May 25, 2011 • 2:07 pm

“The number of abortions has risen by 8 per cent over the past decade with more than a third now involving women who have previously had terminations.” Daily Telegraph, 24 May 2010

“The number of terminations had been falling steadily since 2006 – until a rise of a fraction of a per cent last year.” Daily Mail 25 May 2010

The emotive issue of abortion is unsurprisingly one that will make the headlines whenever new information comes to light.

The latest data, published yesterday by the Department for Health (DH), has been picked apart by today’s papers with a raft of different stats making it into print.

With the Telegraph concentrating on an 8 per cent rise in abortion numbers over the last ten years, it was the Daily Mail who suggested this hadn’t quite been a steady trend throughout the decade.

Analysis

Looking at the figures from the abortion statistics bulletin itself, the 8 per cent rise is backed up by the figures. For women resident in England and Wales the level rose from 175,542 to 189,574.

Though the Mail claims that the downward trend began in 2006 (it began in 2007), the point that the number had been coming down in recent years is also backed up by the figures.

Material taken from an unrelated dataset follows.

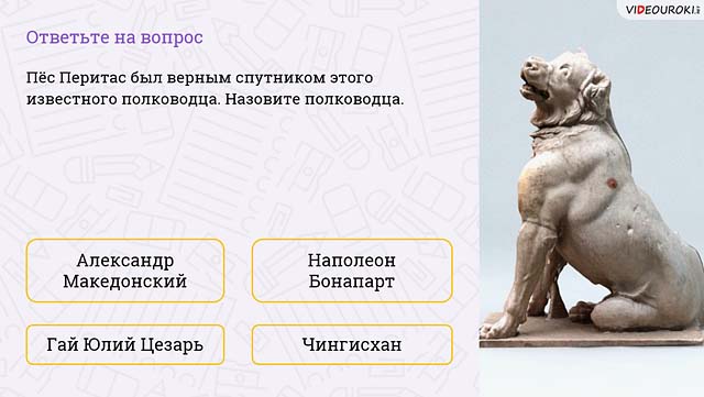 После каждого вопроса вы можете узнать дополнительную информацию. Например, что в свите Александра Македонского был один воин, чья преданность не знала ни страха, ни сомнений. Звали его Перитас, и был он не воином, а псом, тенью следующим за своим великим хозяином.

In 2006 the total number of abortions (including non-residents) was 201,173, which went up to 205,598 in 2007, almost 10,000 higher than the current level.
But the overall numbers are only one way of looking at the issue. DH also produces data on the ‘abortion rate’ (number of abortions per 1,000 women aged 15-44.)

Approached this way, the 0.3 per cent rise in the number of abortions for resident women produced no change in the abortion rate from 2009 to 2010, remaining steady at 17.5 per cent.

The age standardised rate is, however, higher than a decade ago, but while abortion numbers grew 8 per cent between 2000 and 2010, the increase in the rate was 3 per cent, going up from 17 per thousand to 17.5 per thousand.

The graph below shows shows the age standardised rate for abortions since 1970.


Conclusion

Though the reporting of the figures in both articles is accurate, in this case the Mail has the coverage that is more representative of the figures.
Both papers covered the 8 per cent rise over ten years, but it was the the Mail who explained that last year’s 0.3 per cent rise was preceded years when the number of abortions fell.

Likewise, checked against the statistical bulletin the Mail’s figures on the number of women who have had more than one abortion stand up to scrutiny.

Update (May 2012):

The latest set of abortion figures, released in May 2012, show that in 2011 189,931 procedures were carried out, a very slight increase of 0.2 per cent.